Spanish Broadcasting System (SBS) late Thursday reported its financial results for Q1 — one day before many companies conclude their fiscal Q4 and begin the process of tallying up the year’s earnings and expenses.
How did Miami-based SBS? Excelente, your Spanish teacher would say.
For the quarter ended March 31, SBS’s consolidated net revenue climbed 8%, to $33.9 million. Radio division revenue increased by 4%, to $29.3 million, while the Mega TV television arm saw revenue jump 49%, to $4.7 million.
The company’s adjusted OIBDA was also up, as radio OIBDA grew 31%, to $11.63 million, and TV OIBDA swung to 202% growth, to $658,000. Consolidated Q1 OIBDA was up 59%, to $9.4 million.
Operating income surged to $7.6 million, from $3.8 million in Q1 2017.
When all was said and done, the growth helped SBS in lowering its steep net loss from $10.84 million ($1.49 per share), to a net loss of $3.37 million (46 cents per share).
The strong performance was anticipated, as Chairman/CEO Raúl Alarcón Jr. noted Q1 2018 was the best ever first quarter in the company’s history.
“Revenues increased and costs declined across all of our major business units, resulting, once again, in operating margins that are among the best in the industry,” he said, adding that SBS remains focused on driving revenue and controlling costs “while maximizing the positioning and penetration of our unique portfolio of assets in serving the needs of the U.S. Hispanic consumer.”
When can investors expect to get a peek at SBS’s Q2 performance?
“We will be pre-announcing second quarter estimates, evidencing continued positive momentum,” Alarcón said.
Radio segment net revenues increased by $1 million thanks to increases in local, network and special events revenue. This was partially offset by decreases in national and barter sales. Local sales increased in SBS’s Puerto Rico and Los Angeles markets — great news as the commonwealth continues to return to normalcy following Hurricane Maria. Further, it helps SBS in Southern California, where the company has assailed Nielsen Audio over its handling of another PPM noncompliance matter, which impacted SBS’s KLAX-FM & KXOL-FM in L.A.

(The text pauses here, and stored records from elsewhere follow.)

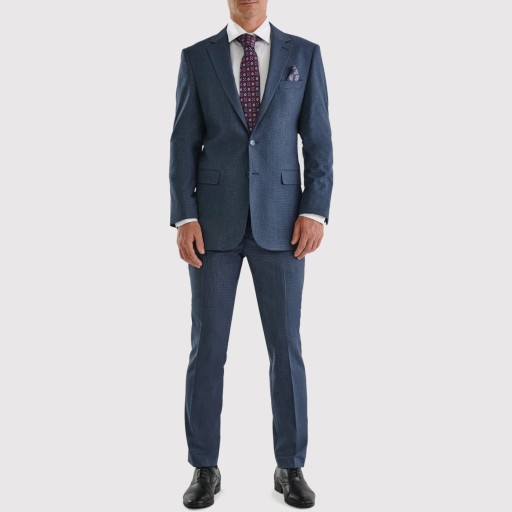 Męski klasyczny granatowy garnitur w pepitkę od Pako Lorente. Marynarka o kroju Slim Fit. Taliowany fason oraz jednorzędowe zapięcie podkreślają męską sylwetkę. Lekko zwężane, zaprasowane w kant nogawki nadają eleganckiego wyglądu. Tkanina dzięki sztucznym włóknom jest wytrzymała, sprężysta i odporna na zużycie. Dodatek elastanu pozwala na lepsze dopasowanie do sylwetki, natomiast wiskoza jest przyjemna w dotyku. Garnitur idealny na większe wyjścia, wesele, czy komunię. Noszone oddzielnie, znakomicie sprawdzą się w bardziej codziennych stylizacjach. Marynarka do jeansów, czy spodnie z gładką koszulą idealnie sprawdzą się do pracy, czy na kolację w restauracji.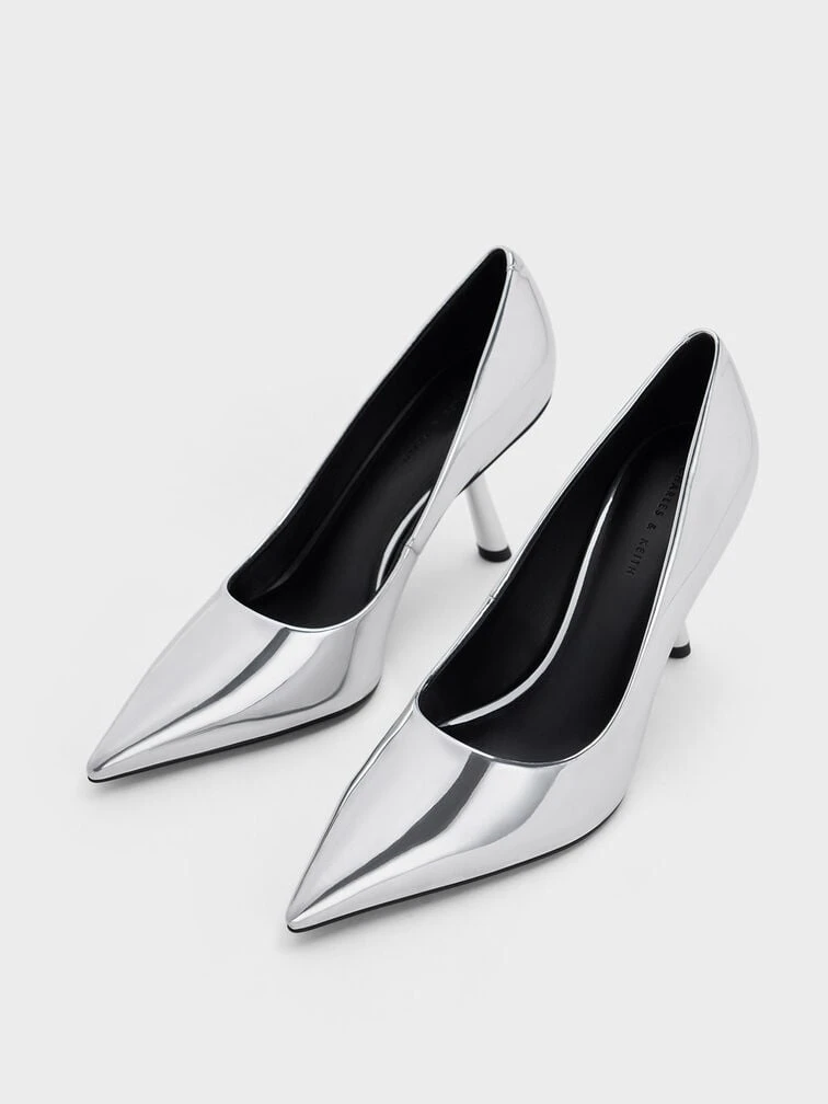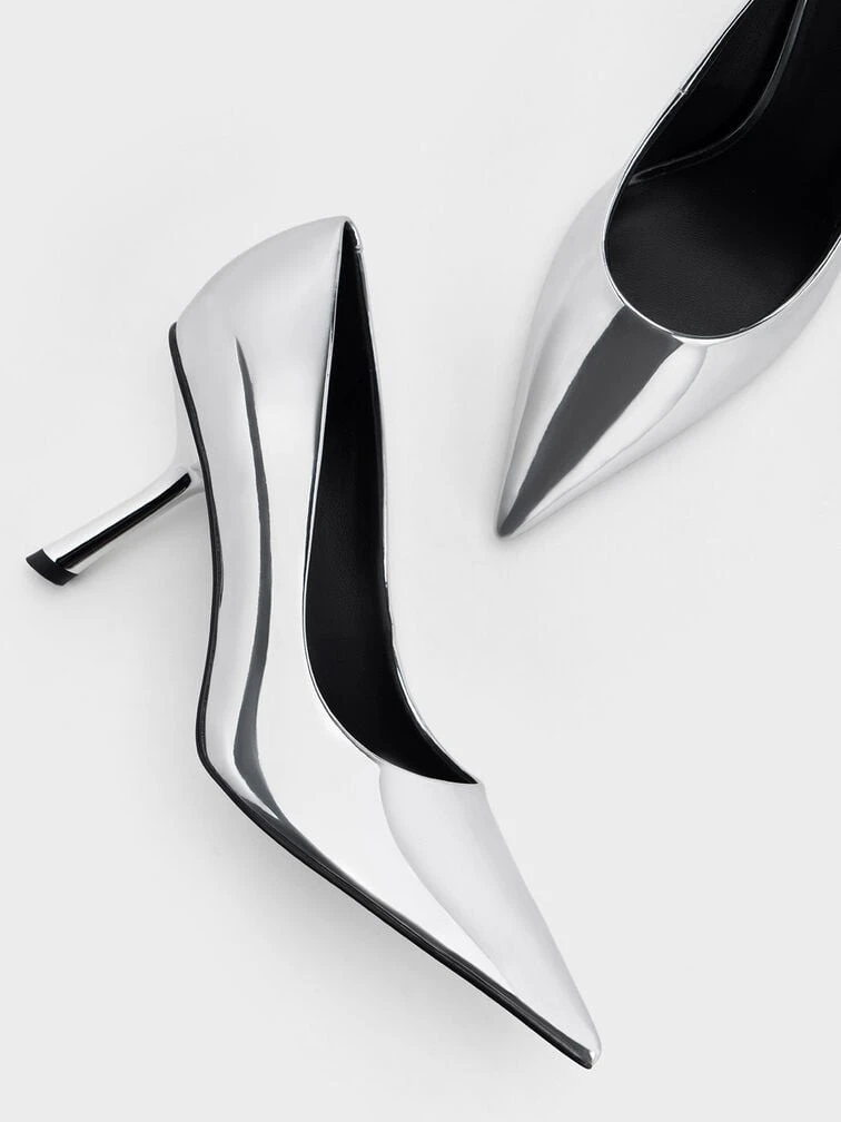 Meet your perfect style companion for all your year-end parties and gatherings. These pumps feature an outstanding metallic hue and silver reflective sheen that are sure to captivate the crowd wherever you go. They also feature an extra sharp and elongated pointed-toe silhouette, creating the illusion of longer legs. Bonus points for the uniquely designed slanted heels that not only add height to your stature but also a touch of visual intrigue.
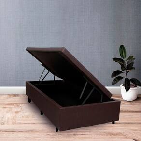 Base Box com Baú Solteiro 88x188x42 cm Courino Linho Marrom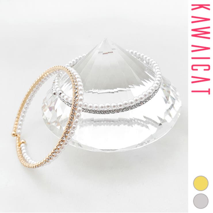 【10%OFFクーポン!11/27(木)1:59まで】KawaiCat ブレスレット レディース バングル パール ラインストーン アクセサリー 上品 おしゃれ 大人 韓国 to25850 アクセサリー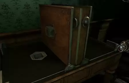 2、下楼,在这个女巫的占 卜机拉开下方的架子,拿到一个圆轮道具,其实它是一把钥匙。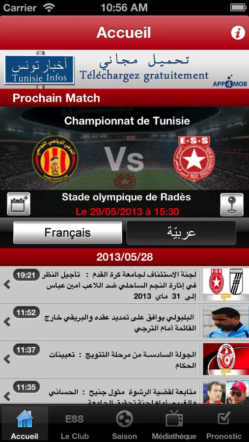 FANS ESS est l'application incontournable pour les fans de l'Etoile Sportive du Sahel, l'un des clubs les plus prestigieux de la Tunisie.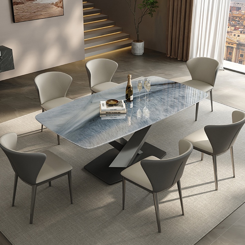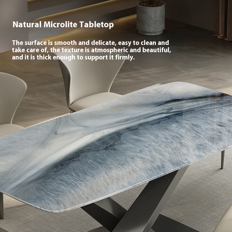 Blue Whale Sand Microcrystalline Dining Table Italian Style Light Luxury High-end Modern Simple Luxury Stone Villa Natural Stone Dining Table And Chair Combination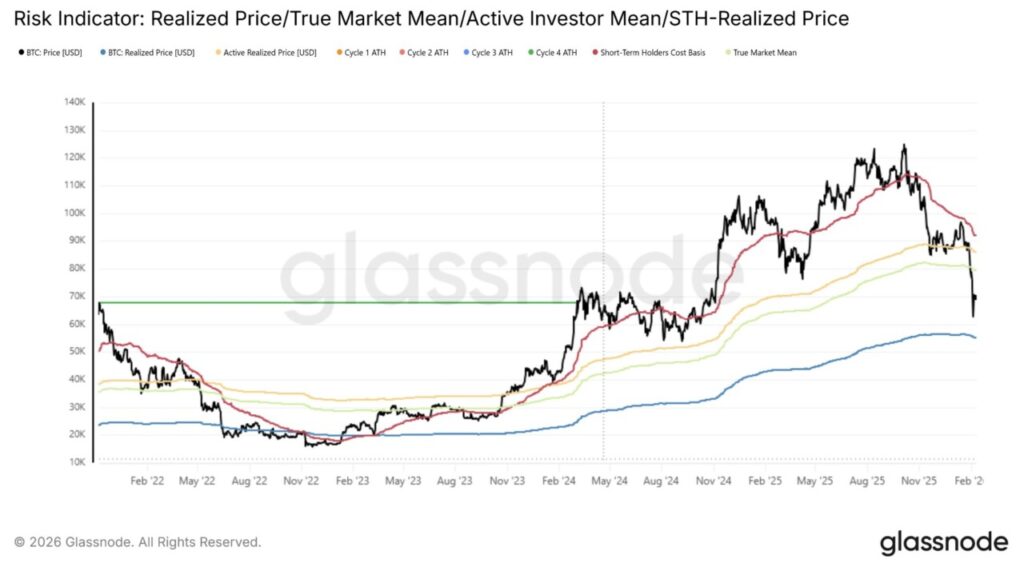 On-chain analytics platform Glassnode highlighted the structural weakness in Bitcoin amid macroeconomic pressures. The current price movement of BTC is likely to be defensive in the range of $60,000-$72,000, with the possibility of the price collapsing to touch the “realized price” around $55,000.
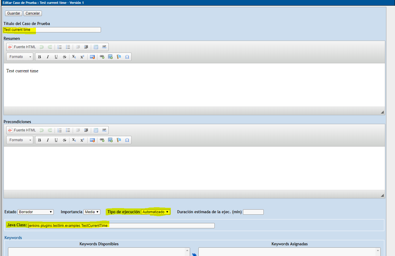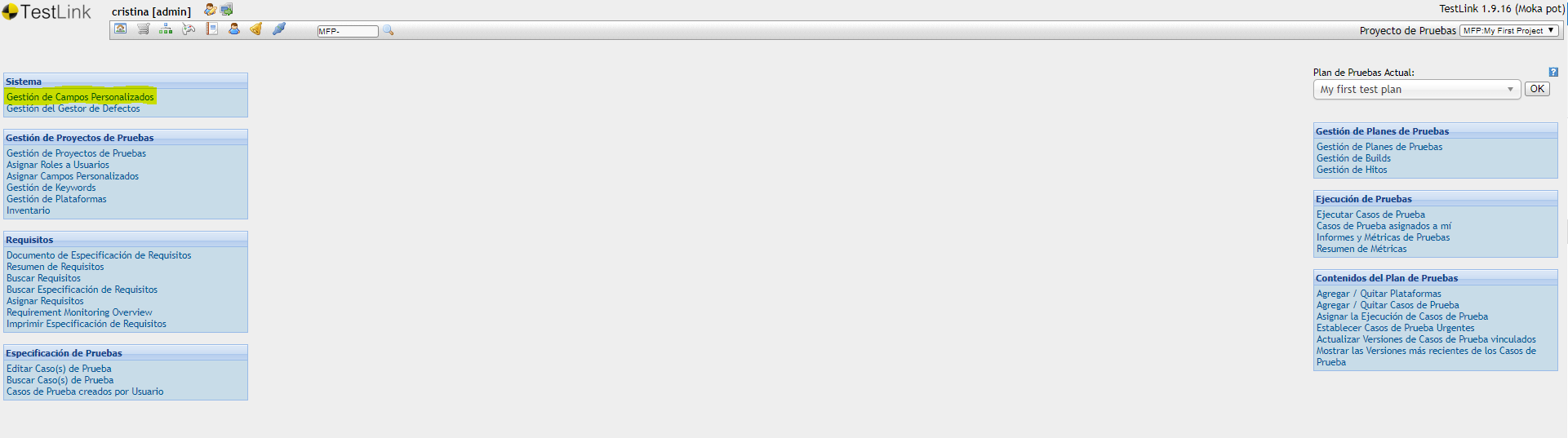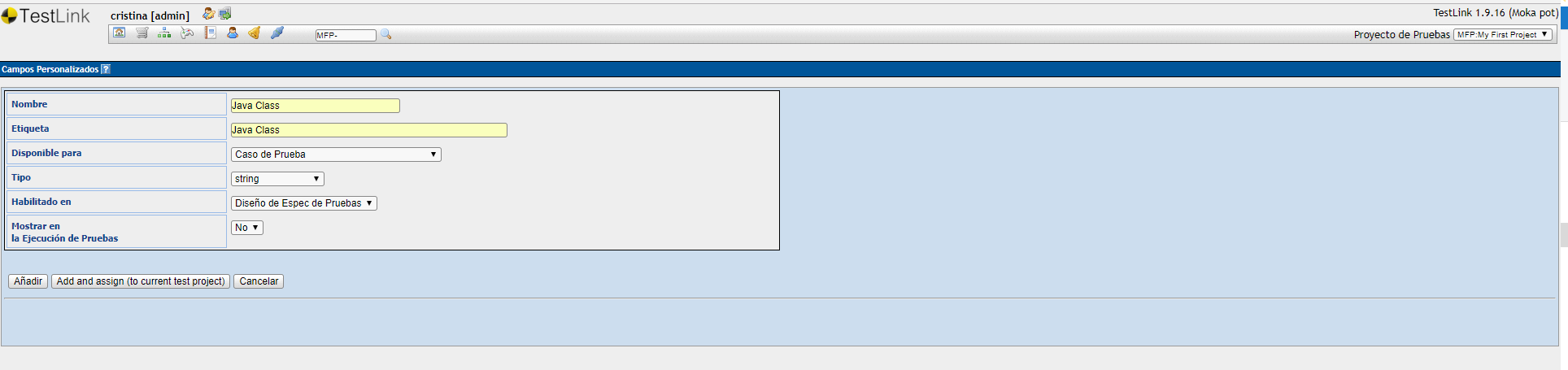 - Campos Personalizados : Indicamos el nombre del campo personalizado creado en TestLink.

National sales decreased for SBS’s radio stations in New York and San Francisco markets.
Radio station operating expenses decreased mainly due to decreases in digital development and content production costs related to the LaMusica application, special events, barter, bad debt expenses and the impact of a legal settlement offset by increases in professional fees, advertising and commissions expenses.